__Your task__: Without including any pictures, write out all the records word for word.

__Data for this exercise__:
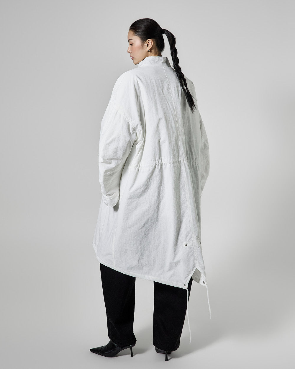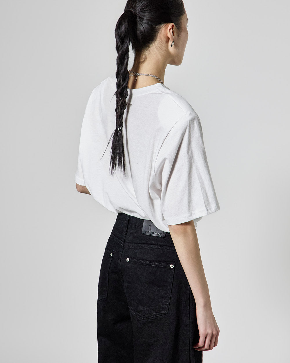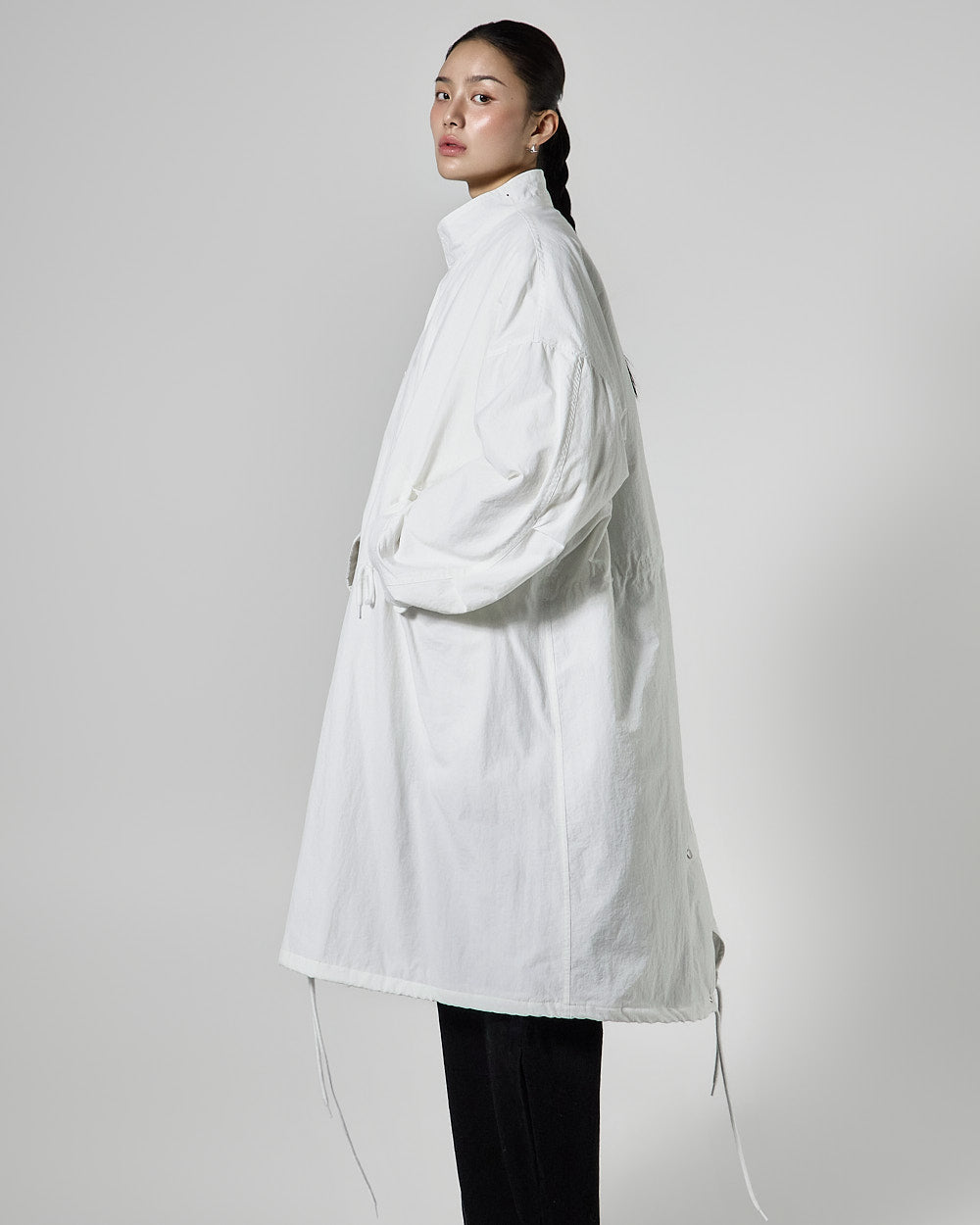 The 171cm model is wearing size ONE in white.
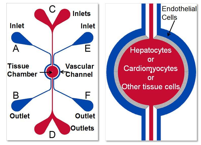 Current in vitro models routinely utilize 2D monolayers or 3D aggregates of cells under static conditions for studying drug toxicity. These models fail to reproduce in vivo physiological features such as morphological size, physiological blood flow and cellular (biological) make-up of the specific organs being investigated. Other microfluidic models employ a membrane-based top-bottom two-compartment architecture, inherently limiting key desired features such as real-time visualization and the ability to simultaneous analyze multi-cellular cultures.
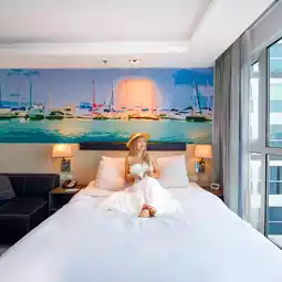 Near tourist attractions, good location, easy to travel Holiday Inn Express Pattaya Central A hotel with a warm atmosphere, decorated in white and blue tones, comfortable to the eyes, beautiful rooms, fully equipped with facilities, there is a rooftop swimming pool on the roof with a view of the city, I must say that the feeling is very good and there is also a fitness center and a variety of breakfast lines, very delicious. Anyone who comes to Pattaya and is looking for a place to stay with a good atmosphere like this, I recommend it. #pattaya #hotel #travel #review of beautiful accommodations #accommodation with a good atmosphere
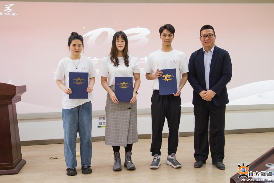 仪式上还为第一届协会理事会成员颁发了聘书,播放了来自香港中联办新界工作部、澳门特区政府驻北京办事处、香港特区政府驻山东办事处、山东省鲁台港澳交流服务中心、济南市政府台港澳事务办公室、香港山东青年会、鲁澳青年会、济南市台湾同胞投资企业协会等校外单位及北京大学、南京大学、武汉大学、四川大学、暨南大学等兄弟院校港澳台学生社团组织发来的祝贺视频及贺函。
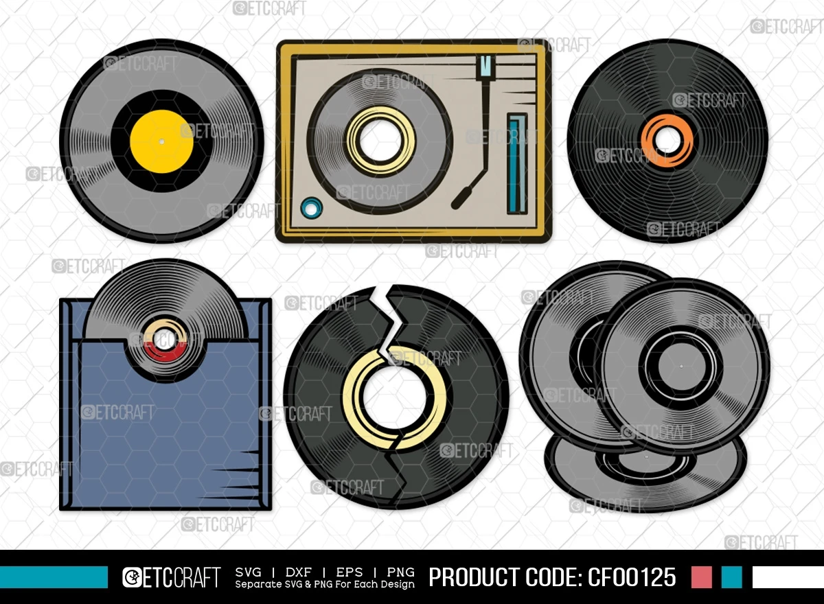 Versatile Clipart Options: Explore a diverse array of vinyl record and turntable clipart, offering creative choices for music-related projects or vintage-themed designs.
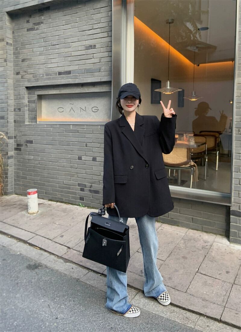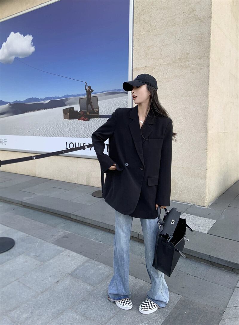 黒のミッドレングスブレザーレディースデザインニッチ2023秋の新しいハイエンドストリートカジュアルスーツ ブラック オータム 秋物 8571627444097108
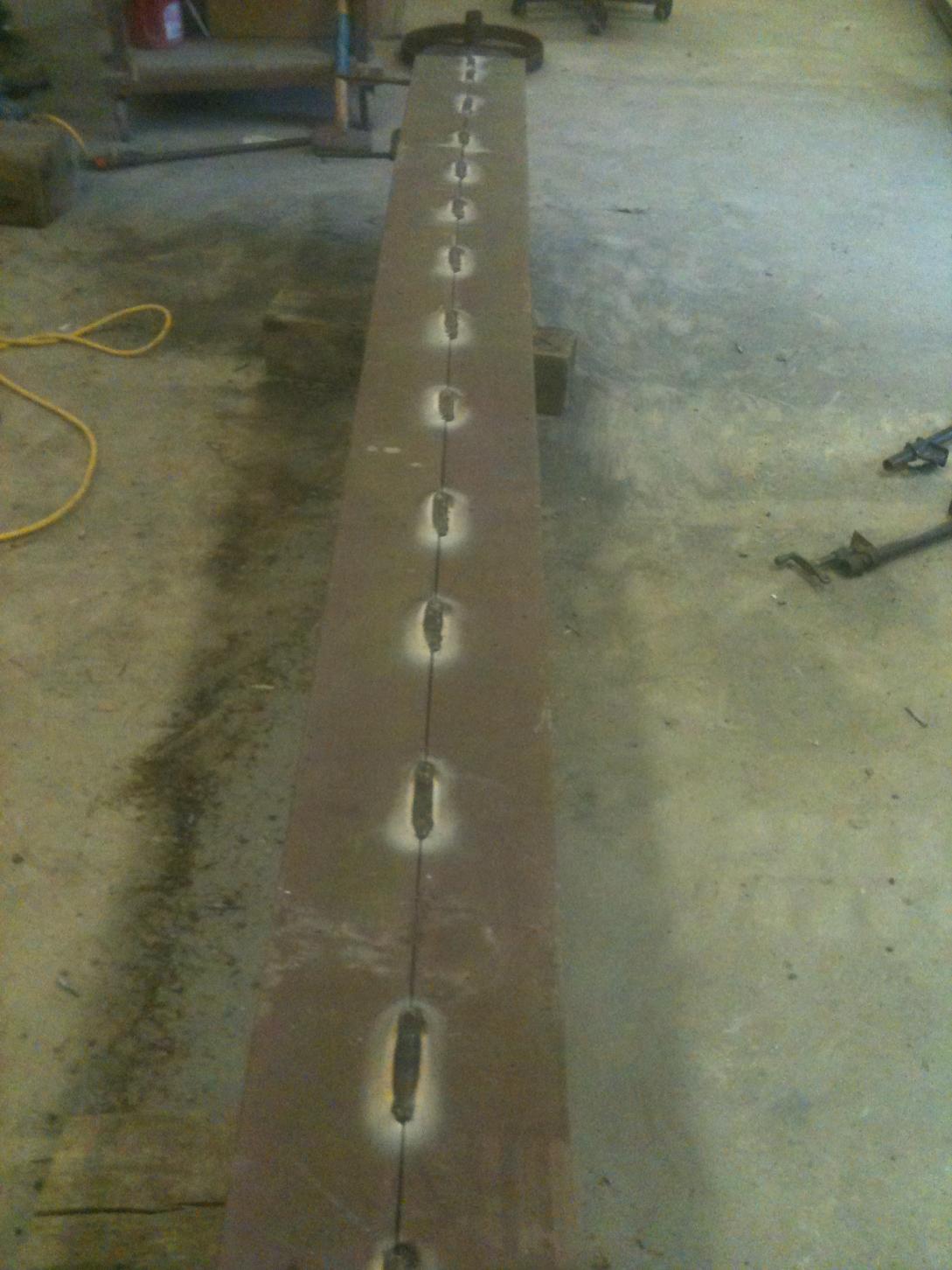 Well ive got around to post the start of a log splitter me and my cousin have been building. This is for one of our skid loaders. The first step was to start finding the metal for it. We had that cylinder. It came out of a missal silo. Its got a 4 ft stroke and 5 in diameter. Its a bit of an overkill but got it for free. The hardest part was the I-beam. One I-beam wouldnt be enough unless getting a real big one. we were afraid it would start to twist on us. Thought about boxing one in on each side but decided better yet just weld 2 together side by side. We were looking for a 8" tall by 4" wide for it because it would be plenty strong but couldnt find anything quick enough. We ended up using one we had out back. It was a little too big for two side by side but too small for just one. So far we have got them welded together, made a push block, made the big main wedge and welded it on some, and modified the beam some to hold the cylinder. Ive got several hours of welding and cutting in it so far. Still got a lot too go. Its got a good start on it. Ive been doing all the welding with the everlast powerarc 200 except the push block which i was trying to use our miller 251 mig but i got tired of messing with it and it messing up. The push plate may of been a bit of overkill because its 1 5/8" metal but we wanted something that wouldnt ever bend. Heres some pics of whats done so far.
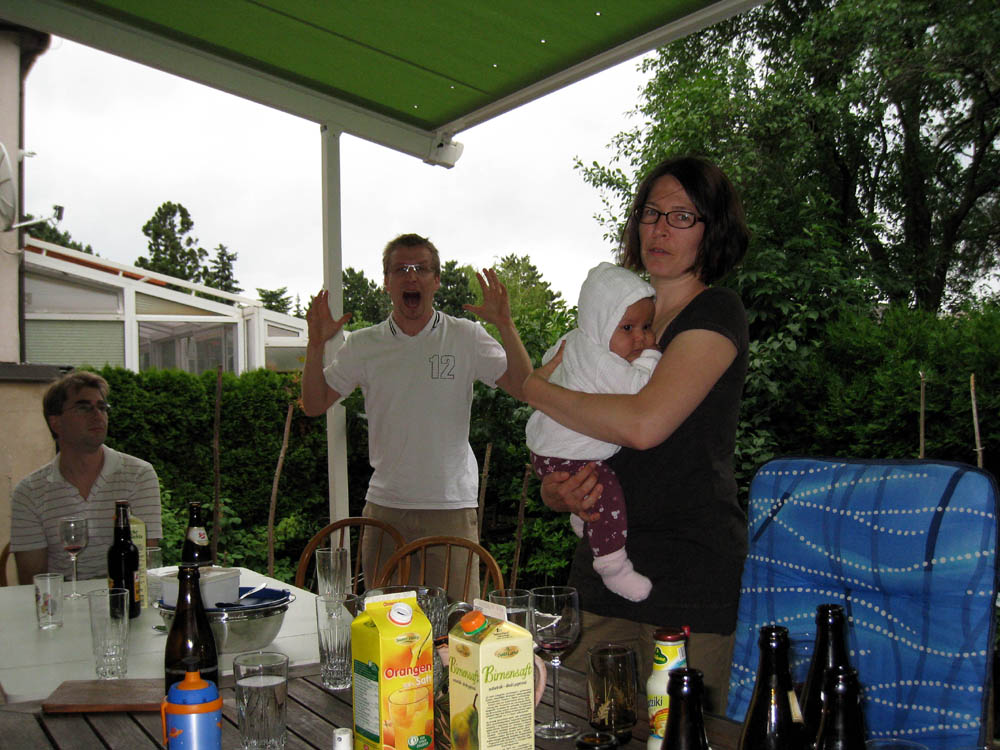 · Diese Feiertage sind schon immer anstrengend. Keine Rede von Faulenzen und Erholung. · Zuerst kommen Lydia und Bene zu uns um die Aktivitäten fürs Wochenende zu planen. Sie sind nämlich übers verlängerte Wochenende aus Lauf an der Pegnitz, das liegt bei Nürnberg, angereist. Da werden wir sicherlich irgendetwas Eisenbahnbezogenes machen - vielleicht unser Geburtstagsgeschenk zu Bene's 40er mit der Mariazellerbahn einlösen. · Am Nachmittag haben wir dann auch schon den nächsten Termin - Grillerei bei Susi und Michael! Das wird lustig - da sind dann nämlich 3 Michaels und so oft wie wir unseren rufen müssen, da werden sich die anderen Michis auch immer angesprochen fühlen :) |
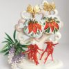 Orecchini con pesci ceramica Caltagirone, corallo rosso naturale e perle bianche, orecchini siciliani
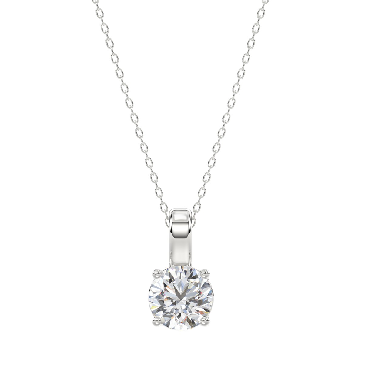 LADIES SOLITAIRE PENDANT WITH CHAIN 1/2CT ROUND DIAMOND 18K WHITE GOLD
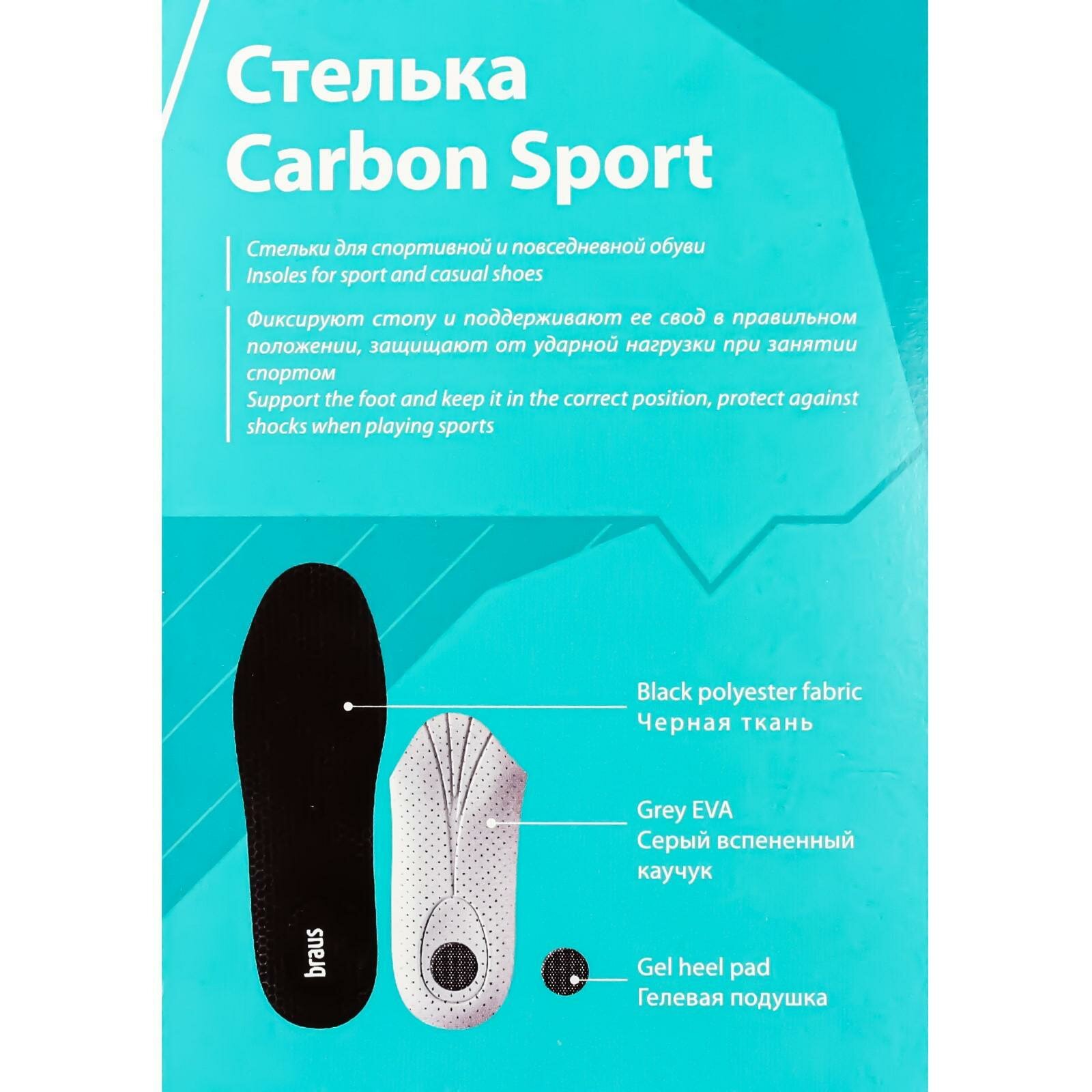 Купить Стельки для спортивной и повседневной обуви Braus Carbon Sport. Размер 41/42
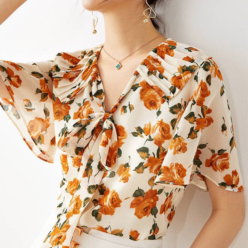 2022夏季新款十三行女装批发海军领碎花印花雪纺衬衫短袖女式上衣 69.00 已售:0件

__Response area__:
 The 171cm model is wearing size ONE in white.
 Current in vitro models routinely utilize 2D monolayers or 3D aggregates of cells under static conditions for studying drug toxicity. These models fail to reproduce in vivo physiological features such as morphological size, physiological blood flow and cellular (biological) make-up of the specific organs being investigated. Other microfluidic models employ a membrane-based top-bottom two-compartment architecture, inherently limiting key desired features such as real-time visualization and the ability to simultaneous analyze multi-cellular cultures.
 Near tourist attractions, good location, easy to travel Holiday Inn Express Pattaya Central A hotel with a warm atmosphere, decorated in white and blue tones, comfortable to the eyes, beautiful rooms, fully equipped with facilities, there is a rooftop swimming pool on the roof with a view of the city, I must say that the feeling is very good and there is also a fitness center and a variety of breakfast lines, very delicious. Anyone who comes to Pattaya and is looking for a place to stay with a good atmosphere like this, I recommend it. #pattaya #hotel #travel #review of beautiful accommodations #accommodation with a good atmosphere
 仪式上还为第一届协会理事会成员颁发了聘书,播放了来自香港中联办新界工作部、澳门特区政府驻北京办事处、香港特区政府驻山东办事处、山东省鲁台港澳交流服务中心、济南市政府台港澳事务办公室、香港山东青年会、鲁澳青年会、济南市台湾同胞投资企业协会等校外单位及北京大学、南京大学、武汉大学、四川大学、暨南大学等兄弟院校港澳台学生社团组织发来的祝贺视频及贺函。
 Versatile Clipart Options: Explore a diverse array of vinyl record and turntable clipart, offering creative choices for music-related projects or vintage-themed designs.
 黒のミッドレングスブレザーレディースデザインニッチ2023秋の新しいハイエンドストリートカジュアルスーツ ブラック オータム 秋物 8571627444097108
 Well ive got around to post the start of a log splitter me and my cousin have been building. This is for one of our skid loaders. The first step was to start finding the metal for it. We had that cylinder. It came out of a missal silo. Its got a 4 ft stroke and 5 in diameter. Its a bit of an overkill but got it for free. The hardest part was the I-beam. One I-beam wouldnt be enough unless getting a real big one. we were afraid it would start to twist on us. Thought about boxing one in on each side but decided better yet just weld 2 together side by side. We were looking for a 8" tall by 4" wide for it because it would be plenty strong but couldnt find anything quick enough. We ended up using one we had out back. It was a little too big for two side by side but too small for just one. So far we have got them welded together, made a push block, made the big main wedge and welded it on some, and modified the beam some to hold the cylinder. Ive got several hours of welding and cutting in it so far. Still got a lot too go. Its got a good start on it. Ive been doing all the welding with the everlast powerarc 200 except the push block which i was trying to use our miller 251 mig but i got tired of messing with it and it messing up. The push plate may of been a bit of overkill because its 1 5/8" metal but we wanted something that wouldnt ever bend. Heres some pics of whats done so far.
 · Diese Feiertage sind schon immer anstrengend. Keine Rede von Faulenzen und Erholung. · Zuerst kommen Lydia und Bene zu uns um die Aktivitäten fürs Wochenende zu planen. Sie sind nämlich übers verlängerte Wochenende aus Lauf an der Pegnitz, das liegt bei Nürnberg, angereist. Da werden wir sicherlich irgendetwas Eisenbahnbezogenes machen - vielleicht unser Geburtstagsgeschenk zu Bene's 40er mit der Mariazellerbahn einlösen. · Am Nachmittag haben wir dann auch schon den nächsten Termin - Grillerei bei Susi und Michael! Das wird lustig - da sind dann nämlich 3 Michaels und so oft wie wir unseren rufen müssen, da werden sich die anderen Michis auch immer angesprochen fühlen :) |
 Orecchini con pesci ceramica Caltagirone, corallo rosso naturale e perle bianche, orecchini siciliani
 LADIES SOLITAIRE PENDANT WITH CHAIN 1/2CT ROUND DIAMOND 18K WHITE GOLD
 Купить Стельки для спортивной и повседневной обуви Braus Carbon Sport. Размер 41/42
 2022夏季新款十三行女装批发海军领碎花印花雪纺衬衫短袖女式上衣 69.00 已售:0件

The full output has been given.